##### INPUT FOR THIS TASK #####

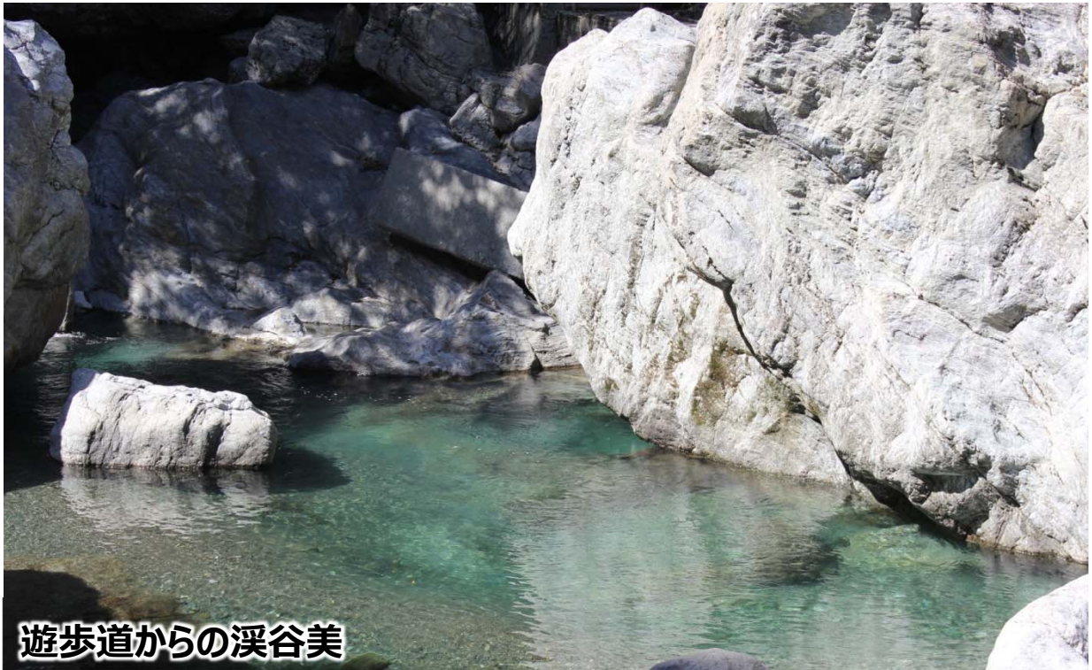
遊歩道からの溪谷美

#####
##### INPUT FOR THIS TASK #####

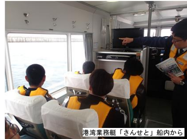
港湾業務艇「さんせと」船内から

#####
##### INPUT FOR THIS TASK #####

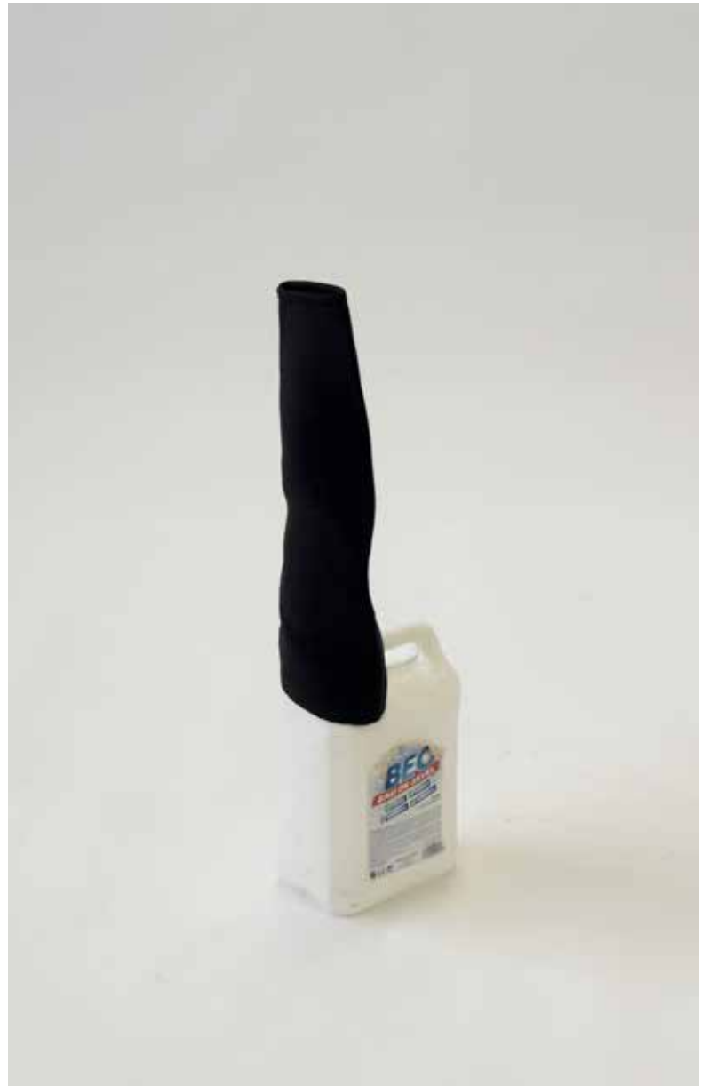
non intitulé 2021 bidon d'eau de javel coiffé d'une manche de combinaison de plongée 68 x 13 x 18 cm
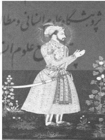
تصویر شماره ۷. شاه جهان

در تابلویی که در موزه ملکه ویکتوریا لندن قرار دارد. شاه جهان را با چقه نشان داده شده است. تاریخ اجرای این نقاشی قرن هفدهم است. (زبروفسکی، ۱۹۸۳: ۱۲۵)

#####

**YOUR INSTRUCTIONS**: From the data above, copy every line where "جهان" appears.

**TASK RESULT**:
تصویر شماره ۷. شاه جهان
در تابلویی که در موزه ملکه ویکتوریا لندن قرار دارد. شاه جهان را با چقه نشان داده شده است. تاریخ اجرای این نقاشی قرن هفدهم است. (زبروفسکی، ۱۹۸۳: ۱۲۵)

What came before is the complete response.